Set down, please, exactly the lines below that run from the line with "NEBBIA - Dámska" to the line with "سترة صوفية مفتوحة", both lines included.

• _STORED DATA_
===============

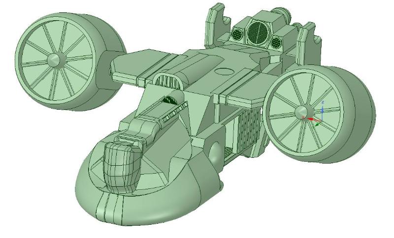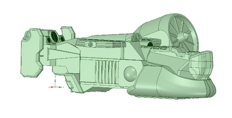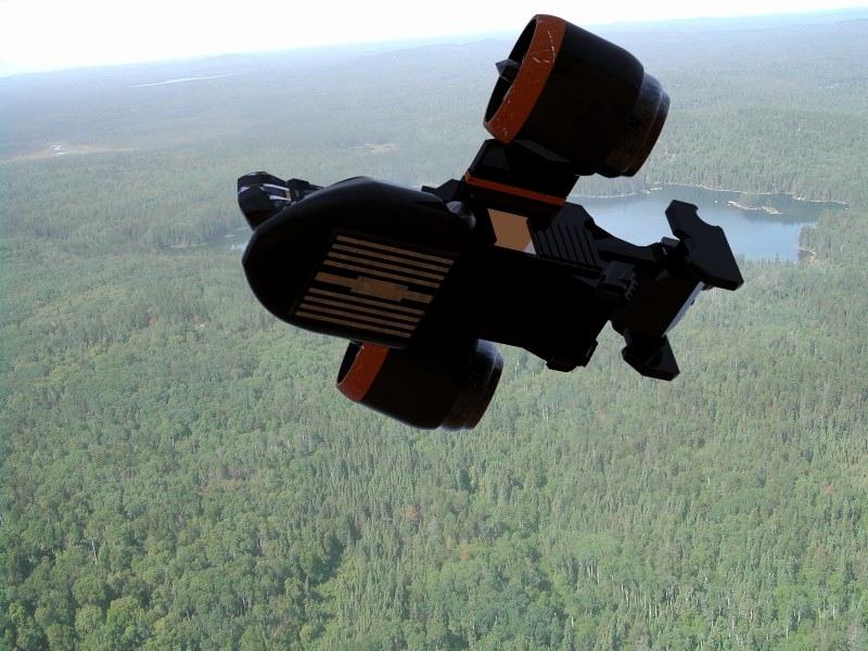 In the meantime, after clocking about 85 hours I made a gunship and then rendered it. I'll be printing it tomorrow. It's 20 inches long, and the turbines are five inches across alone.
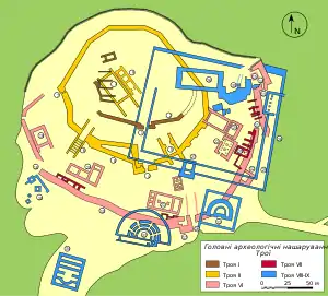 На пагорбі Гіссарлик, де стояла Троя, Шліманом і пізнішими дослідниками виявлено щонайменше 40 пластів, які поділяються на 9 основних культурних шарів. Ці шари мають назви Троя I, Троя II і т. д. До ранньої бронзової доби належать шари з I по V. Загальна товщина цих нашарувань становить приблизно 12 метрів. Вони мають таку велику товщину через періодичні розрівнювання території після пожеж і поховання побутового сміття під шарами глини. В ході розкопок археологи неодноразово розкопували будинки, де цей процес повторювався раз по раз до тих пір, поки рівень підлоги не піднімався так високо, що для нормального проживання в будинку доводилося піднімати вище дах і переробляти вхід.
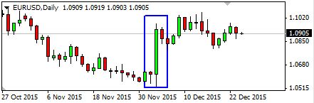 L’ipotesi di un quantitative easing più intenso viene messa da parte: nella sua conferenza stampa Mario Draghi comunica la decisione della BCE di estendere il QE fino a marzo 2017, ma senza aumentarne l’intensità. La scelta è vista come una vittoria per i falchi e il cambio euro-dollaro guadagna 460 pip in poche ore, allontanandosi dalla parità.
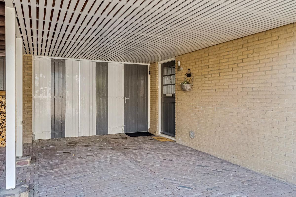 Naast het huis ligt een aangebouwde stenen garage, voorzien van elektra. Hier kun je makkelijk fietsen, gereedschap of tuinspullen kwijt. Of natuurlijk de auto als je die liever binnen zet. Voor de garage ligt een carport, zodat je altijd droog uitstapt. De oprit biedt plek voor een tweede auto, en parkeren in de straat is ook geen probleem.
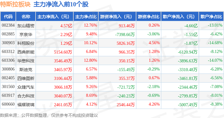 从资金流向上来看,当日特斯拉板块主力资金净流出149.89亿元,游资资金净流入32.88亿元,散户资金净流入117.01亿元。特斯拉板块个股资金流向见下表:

===============

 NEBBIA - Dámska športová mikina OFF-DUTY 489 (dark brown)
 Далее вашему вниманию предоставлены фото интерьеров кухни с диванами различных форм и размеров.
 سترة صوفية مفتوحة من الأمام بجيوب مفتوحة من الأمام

===============

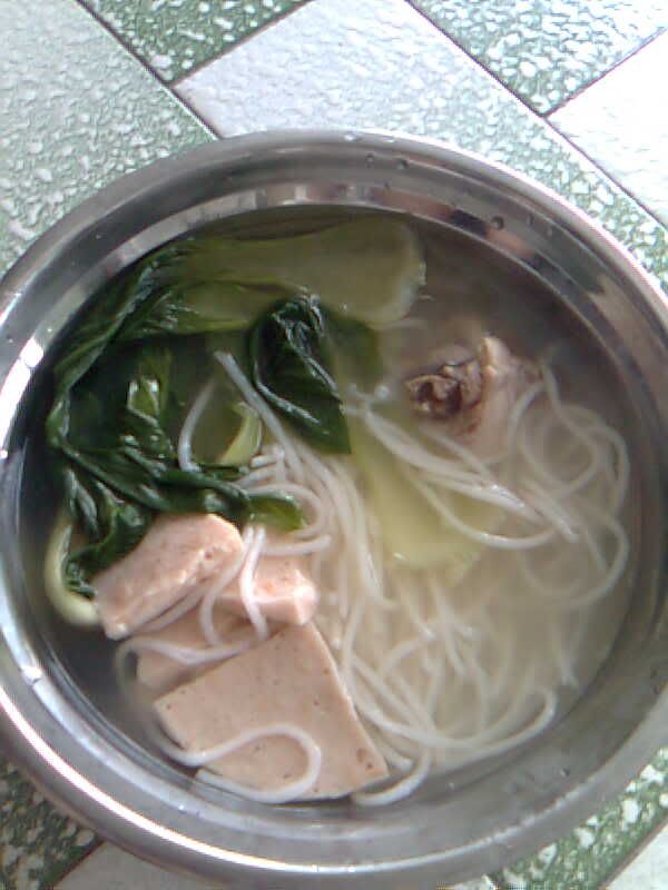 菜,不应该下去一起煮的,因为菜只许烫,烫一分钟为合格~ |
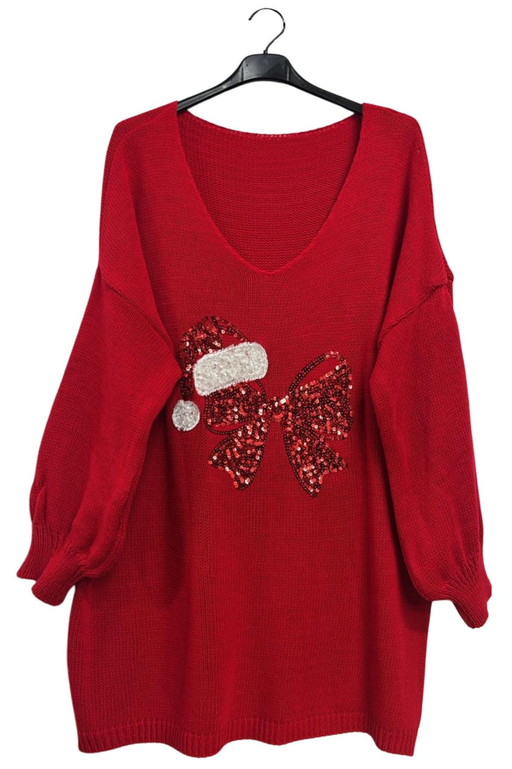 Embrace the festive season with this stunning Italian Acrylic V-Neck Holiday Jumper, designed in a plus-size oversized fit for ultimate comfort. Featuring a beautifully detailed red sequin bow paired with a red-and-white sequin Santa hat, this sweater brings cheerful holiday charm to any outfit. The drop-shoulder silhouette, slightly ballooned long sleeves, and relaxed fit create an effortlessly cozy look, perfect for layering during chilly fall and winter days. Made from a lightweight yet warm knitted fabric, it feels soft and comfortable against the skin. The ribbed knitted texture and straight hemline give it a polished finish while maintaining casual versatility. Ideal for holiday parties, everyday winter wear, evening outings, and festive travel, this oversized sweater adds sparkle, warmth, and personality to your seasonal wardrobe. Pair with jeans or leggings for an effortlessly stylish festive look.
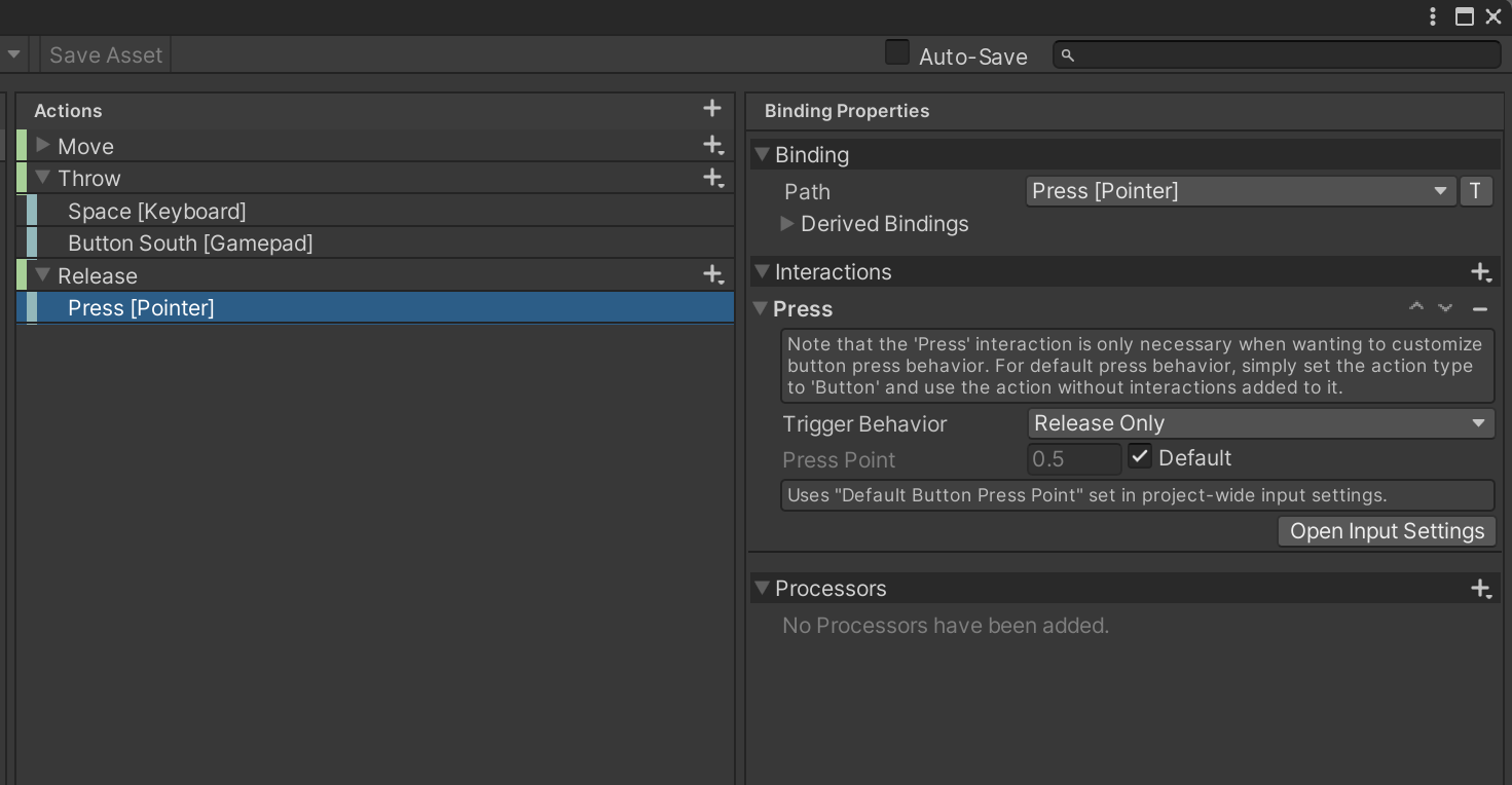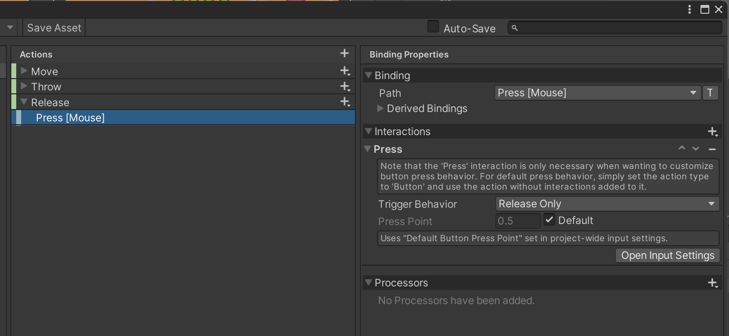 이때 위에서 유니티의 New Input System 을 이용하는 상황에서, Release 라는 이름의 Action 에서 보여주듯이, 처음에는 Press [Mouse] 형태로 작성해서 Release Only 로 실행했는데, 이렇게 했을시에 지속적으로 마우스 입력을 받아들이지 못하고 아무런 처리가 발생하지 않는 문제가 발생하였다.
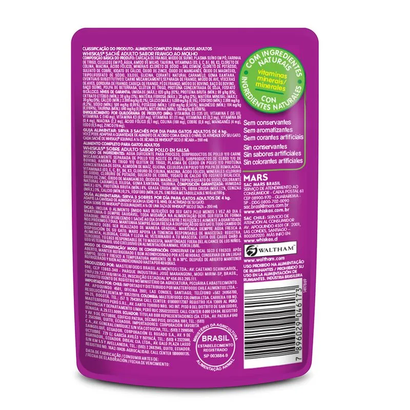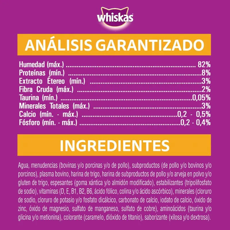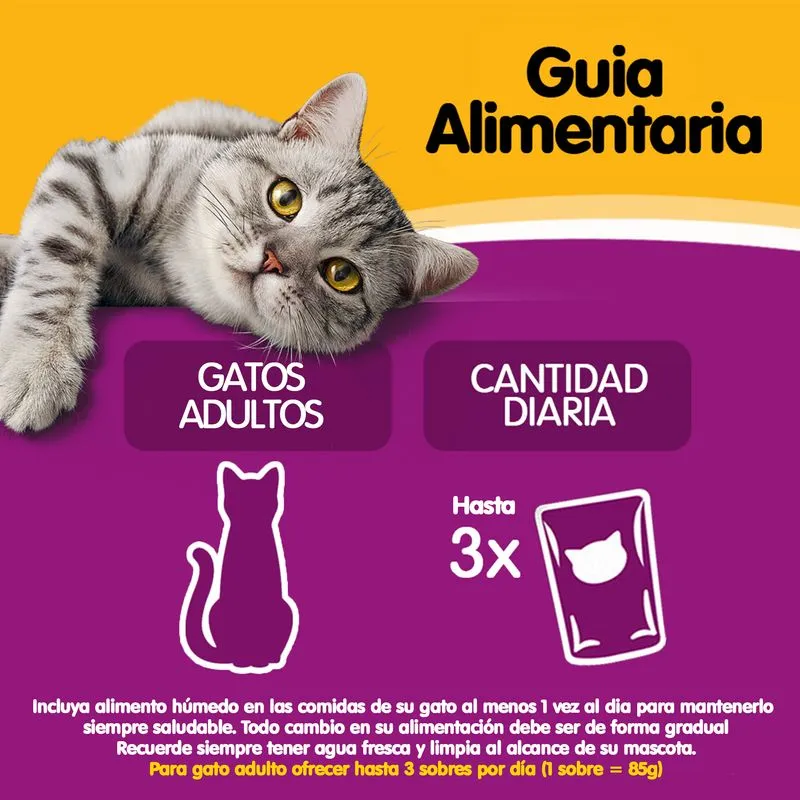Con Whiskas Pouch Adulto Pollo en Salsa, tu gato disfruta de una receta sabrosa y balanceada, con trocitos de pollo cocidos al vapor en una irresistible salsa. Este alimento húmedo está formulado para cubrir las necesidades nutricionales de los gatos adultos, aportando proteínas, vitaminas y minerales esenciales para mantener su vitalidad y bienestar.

===============

• _EXPECTED ANSWER_
 NEBBIA - Dámska športová mikina OFF-DUTY 489 (dark brown)
 Далее вашему вниманию предоставлены фото интерьеров кухни с диванами различных форм и размеров.
 سترة صوفية مفتوحة من الأمام بجيوب مفتوحة من الأمام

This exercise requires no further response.